To accomplish a particular manipulation task, a robot needs a detailed description of how to execute it. However, it is not possible to specify all potential tasks of a manipulation robot beforehand. For example, robotic assistants operating in industrial contexts are frequently faced with changes in the production process. As a consequence, novel manipulation skills become relevant on a regular basis. For this reason, there is a need for solutions that enable normal users to quickly and intuitively teach new manipulation skills to a robot.

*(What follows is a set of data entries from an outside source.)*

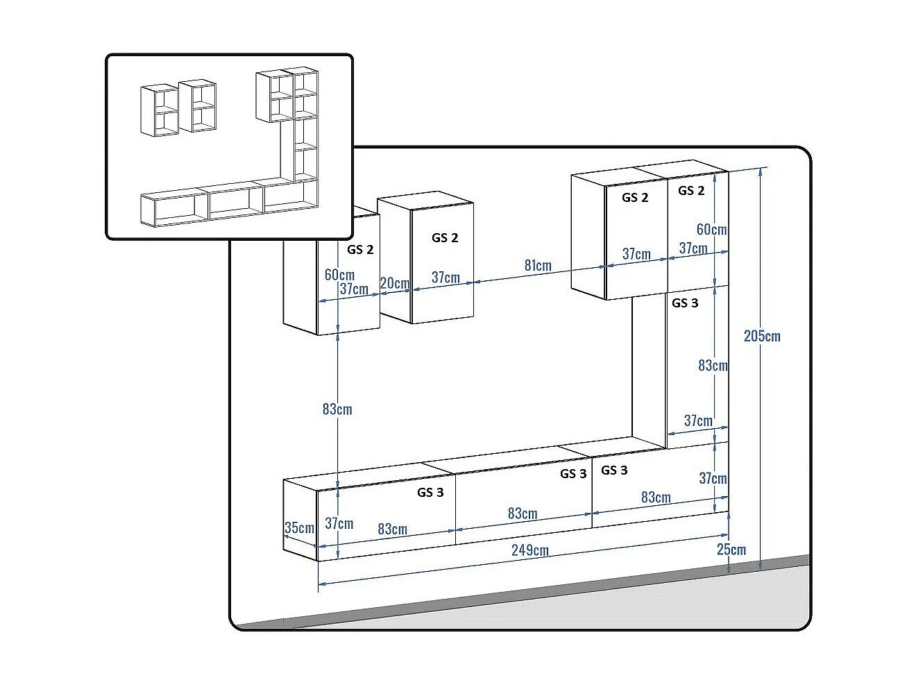 Ensemble meuble TV CONCEPT 23-23-HG-B-1 noir brillant 249 cm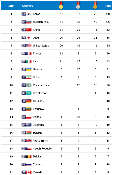 Победителем медального зачета стали хозяева - на счету южнокорейских спортсменов 108 наград, 47-32-29. Команда России заняла 2-е место по количеству медалей высшей пробы - 34-39-49, но первое - по суммарному количеству наград (122 медали). Третье место у сборной Китая - 34-22-16, 72.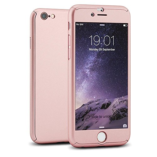 Auben iPhone 6/6S Caso, Full Body Ultra Sottile dura del PC Copertina Caso + Proteggi schermo Vetro temperato 3 in 1 Design Copertura frontale & Fondello & Film di vetro Lusso Protezione Completa (iPhone 6/6S, Oro rosa)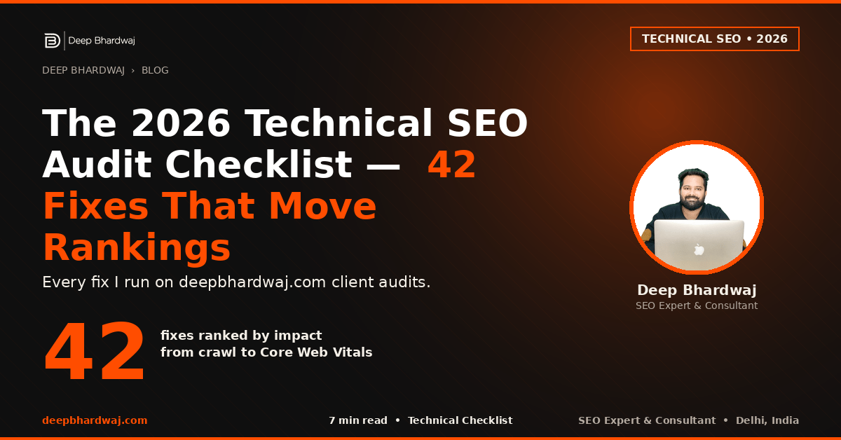 Image Alt Text: Deep Bhardwaj Technical SEO Audit Checklist 2026 — 42 Fixes banner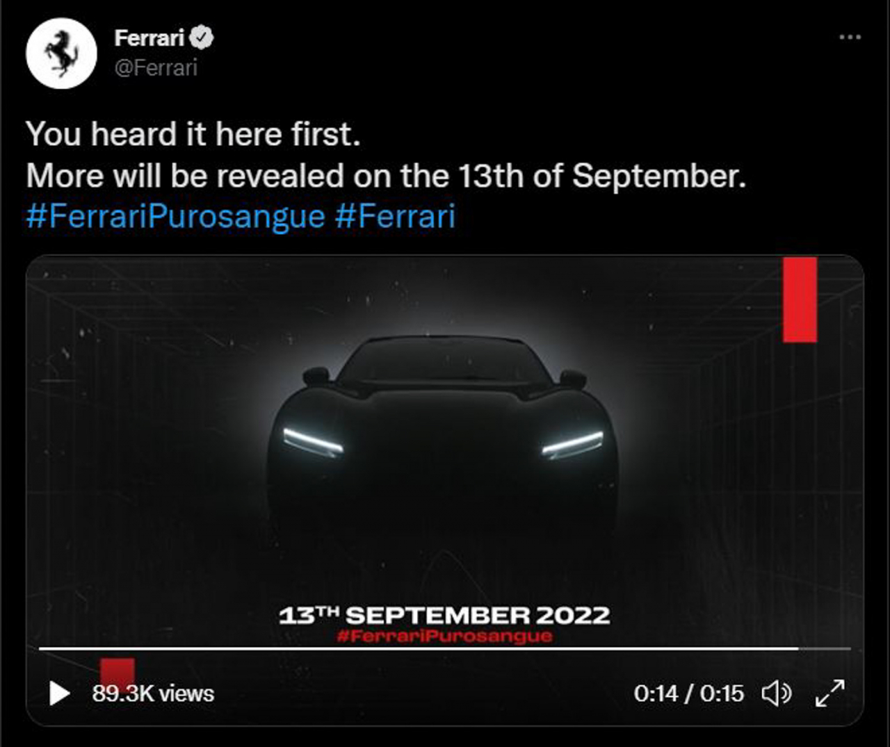 Ferrari has made it clear on its official Twitter page that it is revealing more details about the Purosangue SUV on September 13. They made the announcement with a 15-second teaser video showing only the new model's LED headlights, while the sound of its V12 engine is roaring in the background.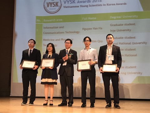 | Les jeunes scientifiques récompensés lors de l'ACVYS 2018, le 20 mai en République de Corée. |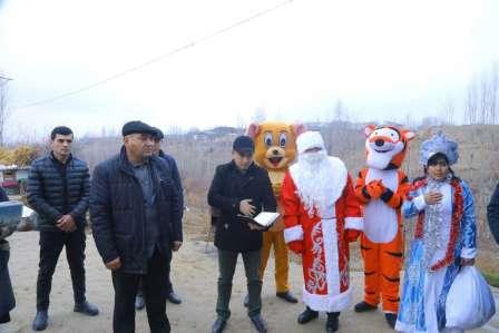 Туман ҳокими Шуҳрат Мусаев бошчилигида ҳоким ўринбосарлари, секторлар раҳбарлари, банк, бюджетдан ташқари пенсия жамғармаси вакиллари кам таъминланган оилаларга пул маблағлари, янги йил совғалари ва озиқ-овқат маҳсулотларини тарқатишди.

More concretely, we consider the problem of learning generalized descriptions of object manipulation tasks from human demonstrations. We employ dynamic Bayesian networks (DBN) as a compact representation where special nodes encode geometrical constraints between the relevant objects in the scene and the hand of the demonstrator. This formulation allows the robot to learn generalized task descriptions from multiple demonstrations so that it can reproduce them also under changed conditions. Furthermore, novel constraints can easily be added during the reproduction of a task. This is, for example, relevant to allow a robot to deal with obstacles. To reproduce a task, the robot searches for the action sequence that maximizes the data likelihood in the DBN. In experiments carried out in simulation as well as on a real manipulation robot, we show that our approach enables robots to efficiently learn novel manipulation skills from human demonstrations and to robustly reproduce them in different situations.